» **Assignment**
Write the data below out exactly as it stands. Do not include the pictures.

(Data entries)
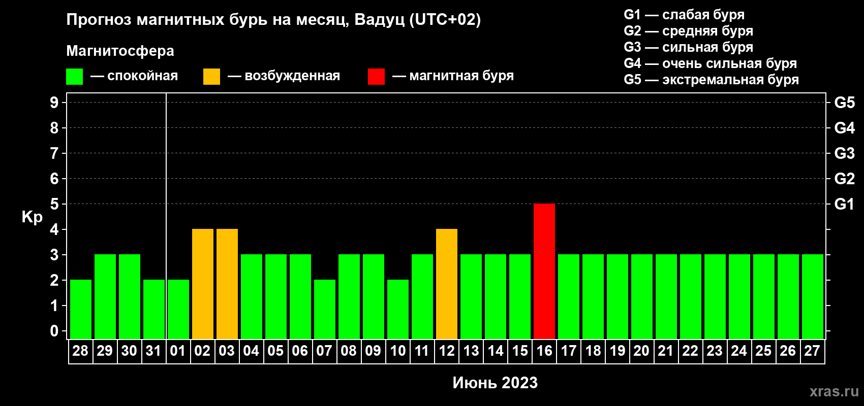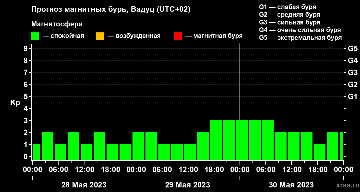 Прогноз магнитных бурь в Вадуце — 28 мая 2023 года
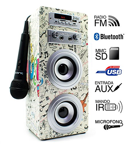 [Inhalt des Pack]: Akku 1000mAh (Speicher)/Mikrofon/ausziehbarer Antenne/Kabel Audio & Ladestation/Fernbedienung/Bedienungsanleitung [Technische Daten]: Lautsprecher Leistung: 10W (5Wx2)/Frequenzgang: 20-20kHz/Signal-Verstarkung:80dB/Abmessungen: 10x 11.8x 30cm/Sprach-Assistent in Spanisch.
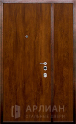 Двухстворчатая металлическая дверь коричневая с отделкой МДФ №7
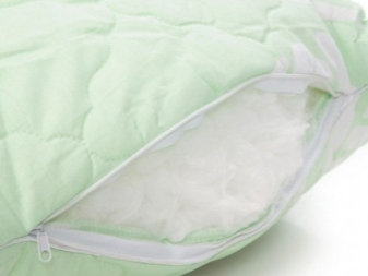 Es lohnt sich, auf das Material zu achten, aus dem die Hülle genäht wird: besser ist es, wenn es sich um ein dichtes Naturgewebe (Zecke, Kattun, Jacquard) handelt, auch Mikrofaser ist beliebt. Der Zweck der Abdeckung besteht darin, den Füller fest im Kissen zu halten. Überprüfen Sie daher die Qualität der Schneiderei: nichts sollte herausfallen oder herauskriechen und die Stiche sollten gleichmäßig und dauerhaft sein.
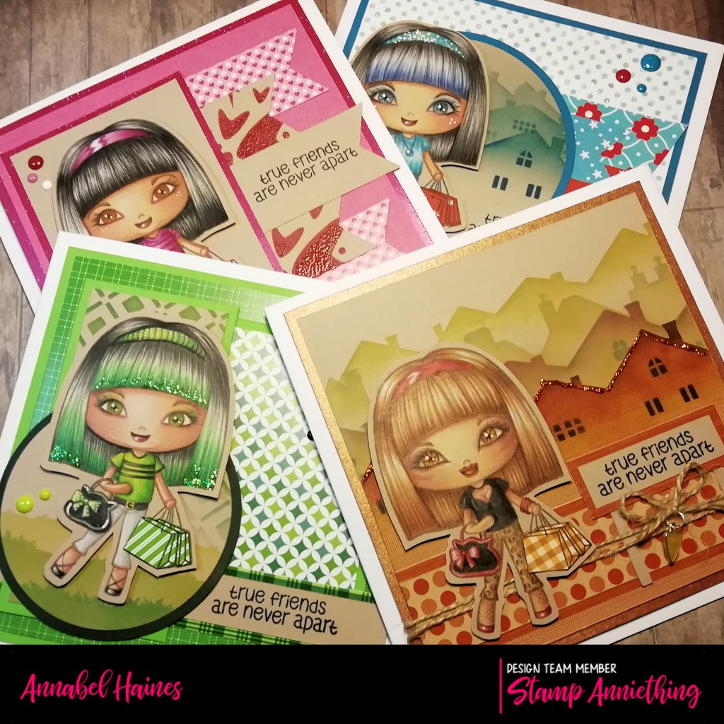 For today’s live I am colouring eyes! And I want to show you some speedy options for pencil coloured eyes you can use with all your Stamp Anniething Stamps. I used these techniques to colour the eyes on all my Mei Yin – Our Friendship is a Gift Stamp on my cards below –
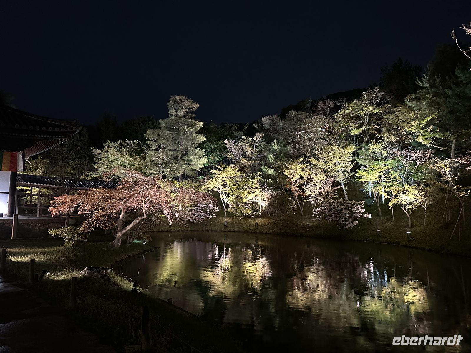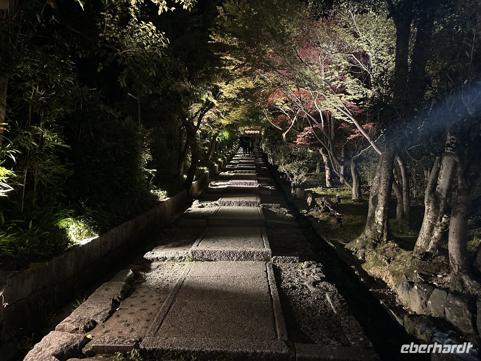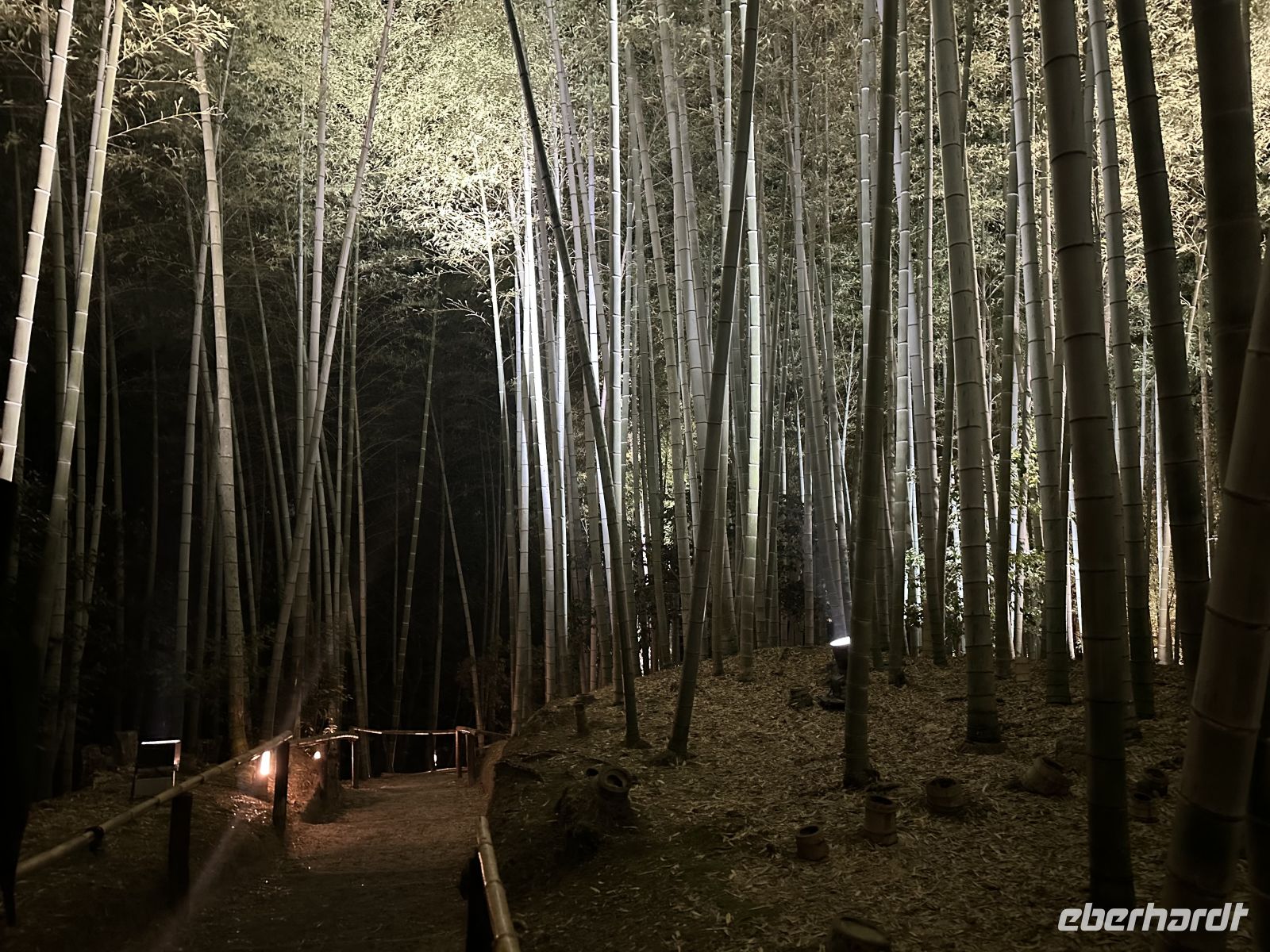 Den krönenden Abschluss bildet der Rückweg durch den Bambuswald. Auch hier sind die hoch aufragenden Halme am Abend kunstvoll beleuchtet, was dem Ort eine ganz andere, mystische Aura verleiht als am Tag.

» **Answer space**
 Прогноз магнитных бурь в Вадуце — 28 мая 2023 года
 [Inhalt des Pack]: Akku 1000mAh (Speicher)/Mikrofon/ausziehbarer Antenne/Kabel Audio & Ladestation/Fernbedienung/Bedienungsanleitung [Technische Daten]: Lautsprecher Leistung: 10W (5Wx2)/Frequenzgang: 20-20kHz/Signal-Verstarkung:80dB/Abmessungen: 10x 11.8x 30cm/Sprach-Assistent in Spanisch.
 Двухстворчатая металлическая дверь коричневая с отделкой МДФ №7
 Es lohnt sich, auf das Material zu achten, aus dem die Hülle genäht wird: besser ist es, wenn es sich um ein dichtes Naturgewebe (Zecke, Kattun, Jacquard) handelt, auch Mikrofaser ist beliebt. Der Zweck der Abdeckung besteht darin, den Füller fest im Kissen zu halten. Überprüfen Sie daher die Qualität der Schneiderei: nichts sollte herausfallen oder herauskriechen und die Stiche sollten gleichmäßig und dauerhaft sein.
 For today’s live I am colouring eyes! And I want to show you some speedy options for pencil coloured eyes you can use with all your Stamp Anniething Stamps. I used these techniques to colour the eyes on all my Mei Yin – Our Friendship is a Gift Stamp on my cards below –
 Den krönenden Abschluss bildet der Rückweg durch den Bambuswald. Auch hier sind die hoch aufragenden Halme am Abend kunstvoll beleuchtet, was dem Ort eine ganz andere, mystische Aura verleiht als am Tag.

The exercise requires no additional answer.